• Description of the task
Leave the pictures aside and copy all the data exactly.

• Input data
_ _ _ _ _ _ _
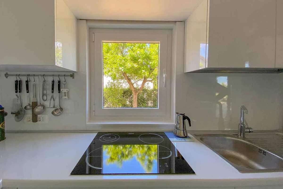 Der Eingang in Ihre Villa befindet sich im Erdgeschoss, ist ebenerdig und führt direkt in den Flur. Wohnzimmer (Durchgangszimmer) mit Sitzecke und TV. Schlafzimmer mit 1 Doppelbett. 2 Schlafzimmer jeweils mit 2 Einzelbetten. Kochecke in der Wohnküche (Durchgangszimmer) mit TV, Essecke (6 Plätze), Elektroherd, Kühlschrank, Mikrowelle, Kaffeemaschine und Zugang zur Terrasse. Bad mit Dusche, 1 Waschbecken, WC, Bidet und Fenster. Separates WC mit 1 Waschbecken, WC und Fenster.
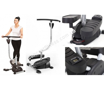 Тренажер Cardio Twister оснащується рельєфними, протівоскользящімі педалями, має сталеву раму, комфортабельні і м'які рукоятки. Модель важить всього лише 16 кг, а витримує до 113 кг навантаження. Після бездіяльності тренажер вимкнутися самостійно. Регулярні вправи підвищать витривалість, силу, координацію і еластичність м'язової групи, сприяють розвитку витривалості, прискорюють метаболічні процеси. Унікальний степпер-твістер замінить одночасно кілька тренажерів, заощадить гроші і час на походи в тренажерні центри. Функціональності надає цифровий дисплей, що відображає кількість кроків, витрачений час на вправи, обсяг спалених калорій, а також вибір 7 рівнів навантаження. Тренажер допоможе ефективно скинути жир, надмірна вага, нормалізувати кровообіг і серцевий ритм.
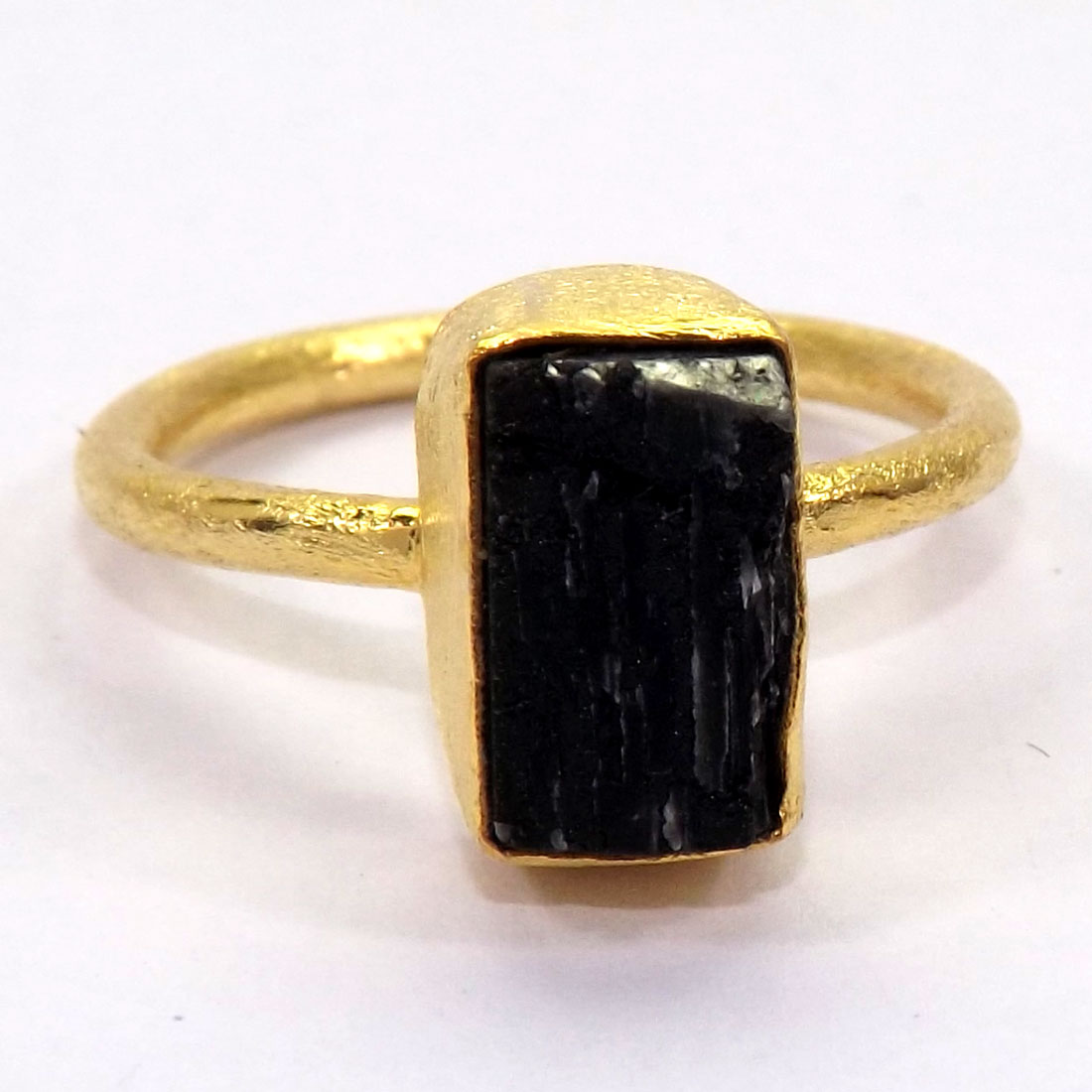 Black Tourmaline Rough O - BRR983-Unique Rough Gemstone Made in Brass Rings
_ _ _ _ _ _ _
• Reply to the exercise
 Der Eingang in Ihre Villa befindet sich im Erdgeschoss, ist ebenerdig und führt direkt in den Flur. Wohnzimmer (Durchgangszimmer) mit Sitzecke und TV. Schlafzimmer mit 1 Doppelbett. 2 Schlafzimmer jeweils mit 2 Einzelbetten. Kochecke in der Wohnküche (Durchgangszimmer) mit TV, Essecke (6 Plätze), Elektroherd, Kühlschrank, Mikrowelle, Kaffeemaschine und Zugang zur Terrasse. Bad mit Dusche, 1 Waschbecken, WC, Bidet und Fenster. Separates WC mit 1 Waschbecken, WC und Fenster.
 Тренажер Cardio Twister оснащується рельєфними, протівоскользящімі педалями, має сталеву раму, комфортабельні і м'які рукоятки. Модель важить всього лише 16 кг, а витримує до 113 кг навантаження. Після бездіяльності тренажер вимкнутися самостійно. Регулярні вправи підвищать витривалість, силу, координацію і еластичність м'язової групи, сприяють розвитку витривалості, прискорюють метаболічні процеси. Унікальний степпер-твістер замінить одночасно кілька тренажерів, заощадить гроші і час на походи в тренажерні центри. Функціональності надає цифровий дисплей, що відображає кількість кроків, витрачений час на вправи, обсяг спалених калорій, а також вибір 7 рівнів навантаження. Тренажер допоможе ефективно скинути жир, надмірна вага, нормалізувати кровообіг і серцевий ритм.
 Black Tourmaline Rough O - BRR983-Unique Rough Gemstone Made in Brass Rings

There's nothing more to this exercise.